Re: Commits (with openSearcher = true) are too slow in solr 8

2020-12-06 Thread raj.yadav
Hi Everyone,


matthew sporleder wrote
> Are you stuck in iowait during that commit?

During commit operation, there is no iowait.
Infact most of the time cpu utilization percentage is very low.

/*As I mentioned in my previous post that we are getting `SolrCmdDistributor
org.apache.solr.client.solrj.SolrServerException: Timeout occured while
waiting response from server` and `DistributedZkUpdateProcessor` ERROR on
one of the shards. And this error is always occurring on the shard that is
used (in culr command) to issue commit. (See below example for better
understanding)*/

Here is shard and corresponding node details:
shard1_0=>solr_199
shard1_1=>solr_200
shard2_0=> solr_254
shard2_1=> solr_132
shard3_0=>solr_133
shard3_1=>solr_198

We are using the following command to issue commit:
/curl
"http://solr_node:8389/solr/my_collection/update?openSearcher=true=true=json"/

For example, in the above command, if we replace solr_node with solr_254,
then it's throwing SolrCmdDistributor and DistributedZkUpdateProcessor
errors on shard2_0. Similarly, if we replace solr_node with solr_200 its
throws errors on shard1_1.

*I'm not able to figure out why this is happening. Is there any connection
timeout setting that is affecting this?
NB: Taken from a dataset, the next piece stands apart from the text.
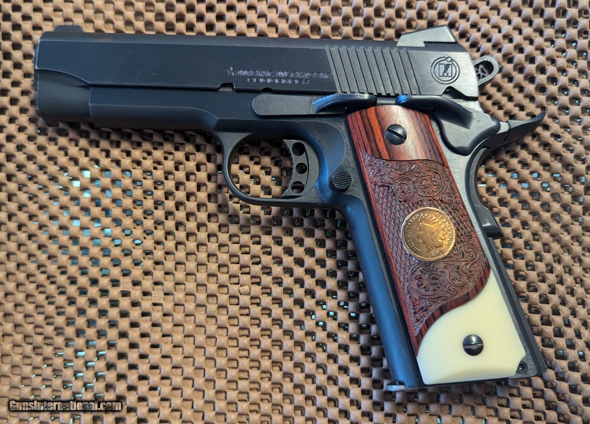 Description: Guns Listing ID: 1317795 Metro Arms American Classic Commander .45 ACP in original hard case with aftermarket grips and 5 magazines. SOLD Manufacturer: METRO ARMS Model: American Classic Commander Caliber Info: .45 ACP Condition: Used - Non-Certified Barrels: 4.25 BARREL Finish: BLUED |
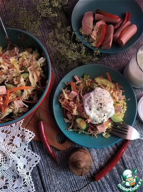 Ингредиенты для «Салат с молодой капустой и колбасой»:

Is there any limit that, at a time
only N number of shards can run commit ops simultaneously or is it some
network related issue?*


For a better understanding of what's happening in SOLR logs. I will
demonstrate here one commit operation.

I used the below command to issue commit at `2020-12-06 18:37:40` (approx)
curl
"http://solr_200:8389/solr/my_collection/update?openSearcher=true=true=json;


/*shard2_0 (node: solr_254) Logs:*/


*Commit is received at `2020-12-06 18:37:47` and got over by `2020-12-06
18:37:47` since there were no changes to commit. And CPU utilization during
the whole period is around 2%.*


2020-12-06 18:37:47.023 INFO  (qtp2034610694-31355) [c:my_collection
s:shard2_0 r:core_node13 x:my_collection_shard2_0_replica_n11]
o.a.s.u.DirectUpdateHandler2 start
commit{_version_=1685355093842460672,optimize=false,ope
nSearcher=true,waitSearcher=true,expungeDeletes=false,softCommit=false,prepareCommit=false}
2020-12-06 18:37:47.023 INFO No uncommitted changes. Skipping IW.commit.
2020-12-06 18:37:47.023 INFO end_commit_flush
2020-12-06 18:37:47.023 INFO  (qtp2034610694-31355) [c:my_collection
s:shard2_0 r:core_node13 x:my_collection_shard2_0_replica_n11]
o.a.s.u.p.LogUpdateProcessorFactory [my_collection_shard2_0_replica_n11] 
webapp=/solr path=/update

params={update.distrib=TOLEADER=true=true=true=false=http://solr_200:8389/solr/my_collection_shard1_1_replica_n19/_end_point=leaders=javabi
n=2=false}{commit=} 0 3

/*shard2_1 (node: solr_132) Logs:*/

*Commit is received at `2020-12-06 18:37:47` and got over by `2020-12-06
18:50:46` in between there were some external file reloading operations (our
solr-5.4.2 system is also taking similar time to reload external files so
right now this is not a major concern for us)
CPU utilization before commit (i.e `2020-12-06 18:37:47` timestamp) is 2%
and between commit ops (i.e from `2020-12-06 18:37:47`  to `2020-12-06
18:50:46` timestamp) is 14% and after commit operation is done it agains
fall back to 2%*


2020-12-06 18:37:47.024 INFO  (qtp2034610694-30058) [c:my_collection
s:shard2_1 r:core_node22 x:my_collection_shard2_1_replica_n21]
o.a.s.u.DirectUpdateHandler2 start
commit{_version_=1685355093844557824,optimize=false,openSearcher=true,waitSearcher=true,expungeDeletes=false,softCommit=false,prepareCommit=false}

2020-12-06 18:50:46.218 INFO  (qtp2034610694-30058) [c:my_collection
s:shard2_1 r:core_node22 x:my_collection_shard2_1_replica_n21]
o.a.s.u.p.LogUpdateProcessorFactory [my_collection_shard2_1_replica_n21] 
webapp=/solr path=/update
params={update.distrib=TOLEADER=true=true=true=false=http://solr_200:8389/solr/my_collection_shard1_1_replica_n19/_end_point=leaders=javabin=2=false}{commit=}
0 779196


/*shard3_0 (node: solr_133) logs*/

Same as shard2_1, commit received at `2020-12-06 18:37:47` and got over by
`2020-12-06 18:49:24`.
CPU utilization pattern is same is shard2_1.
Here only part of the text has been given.